MLOPs Blog Series Part 2: Testing the Robustness of Secure Machine Learning Systems…

37

Robustness is the ability of a control loop system to tolerate disturbances or anomalies while system parameters are varied over a wide range. There are three essential tests to ensure that the machine learning system is robust in the production environments: unit testing, data and model testing, and integration testing.

unit tests

Tests are performed on individual components, each of which has a single function within the larger system (such as a function that creates a new feature, a column in a DataFrame, or a function that adds two numbers). We can perform unit tests for individual functions or components; A recommended method for performing unit tests is the Arrange, act, enforce (AAA) approach:

1. Arrange: Set up the schema, create object instances and create test data/inputs.
2. Law: Run code, invoke methods, set properties, and apply input to the components under test.
3. Assert: Check the results, validate (confirm that the outputs received are as expected) and clean (test-related residues).

Data and model testing

It is important to test the integrity of the data and models in operation. Tests can be carried out in the MLOps pipeline to validate the integrity of data and the robustness of the model for training and inference. The following are some general tests that can be performed to validate the integrity of the data and the robustness of the models:

1. Data Check: The integrity of the test data can be verified by checking the following five factors: Accuracy, Completeness, Consistency, Relevance, and Timeliness. Some important considerations to consider when collecting or exporting data for model training and inference include the following:

• Rows and Columns: Check rows and columns to ensure no missing values ​​or incorrect patterns are found.

• Individual Values: Check individual values ​​if they fall within the range or have missing values ​​to ensure the correctness of the data.

• Aggregated Values: Review statistical aggregations for columns or groups within the data to understand data consistency, coherence, and accuracy.

2. Model testing: The model should be tested both during training and after training to ensure it is robust, scalable, and secure. The following are some aspects of the model test:

• Check the form of model input (for serialized or non-serialized model).

• Check the shape and output of the model.

• Behavioral tests (combinations of inputs and expected outputs).

• Load serialized or packaged model artifacts into memory and deployment targets. This ensures that the model is properly deserialized and ready to be deployed in memory and to deployment targets.

• Assess the accuracy or key metrics of the ML model.

integration test

Integration testing is a process of combining individual software components and testing them as a group (e.g., data processing or inference or CI/CD).

Illustration 1: Integration test (two modules)

Let’s look at a simple hypothetical example of performing integration testing for two components of the MLOps workflow. In the Build module, the data ingestion and model training steps have individual functionalities, but when integrated, they perform ML model training on data ingested into the training step. By integrating Module 1 (data ingestion) and Module 2 (model training) we can perform data loading tests (to see if the ingested data goes into the model training step), input and output tests (to confirm that the formats are expected from each step input and output), as well as any other tests that are use case specific.

In general, integration testing can be performed in two ways:

1. Big Bang Testing: An approach where all components or modules are integrated at the same time and then tested as a unit.

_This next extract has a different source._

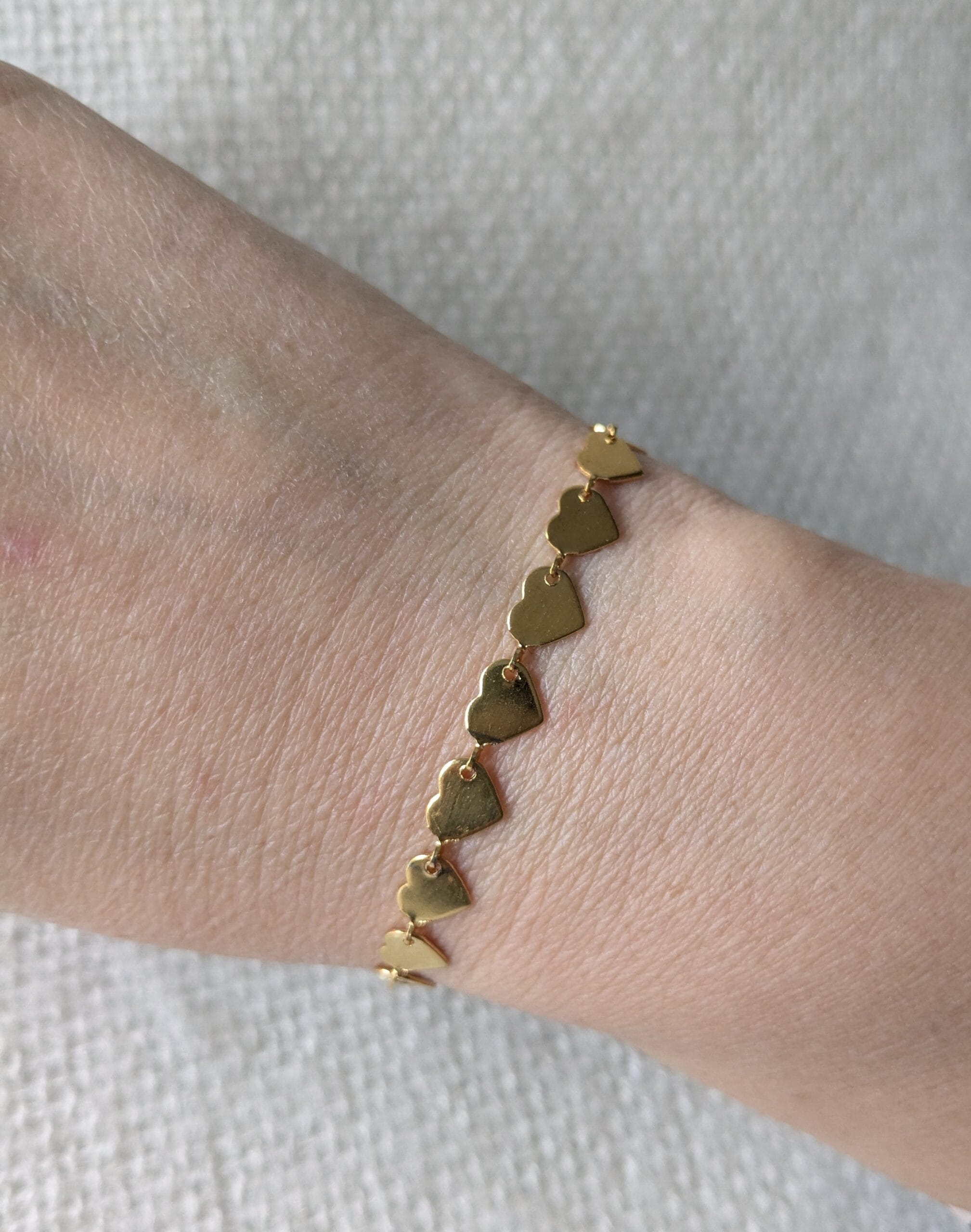 Te leuk zijn deze hartjes armbanden, doordat de hartjes los aan elkaar geschakeld zijn is het een soepele armband om te dragen.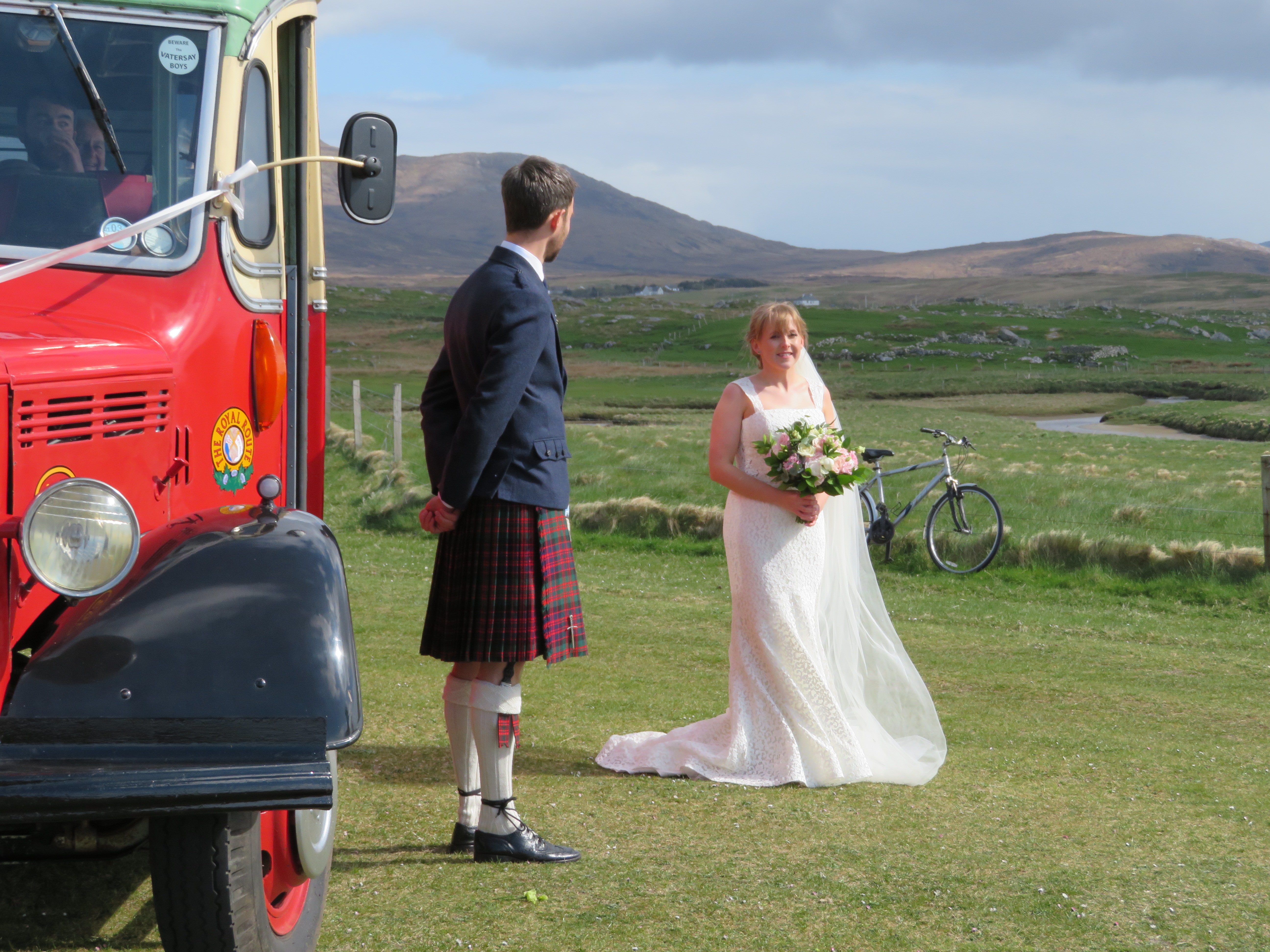 We rounded a corner and came to an open field, and there was a MacBrayne’s bus and a bridal party lining up for their photographs by the Atlantic ocean.

2. Incremental Testing: During testing, two or more modules that are logically connected to each other are brought together and then the functionality of the application is tested. Incremental testing is performed in three ways:

• Top-down approach

• Bottom-up approach

• Sandwich approach: a combination of top-down and bottom-up

Integration testing can test the modules using a bottom-up or top-down approach.

Figure 2: Integration tests (incremental tests)

The top-down testing approach is a way of performing integration testing from the top down in the control flow of a software system. Higher level modules are tested first, and then lower level modules are evaluated and merged to ensure the operation of the software. Stubs are used to test modules that are not ready yet. Benefits of a top-down strategy include the ability to get an early prototype, test key high-priority modules, and uncover and fix fatal bugs earlier. A disadvantage is that a large number of stubs are required and lower-level components may be undertested in some cases.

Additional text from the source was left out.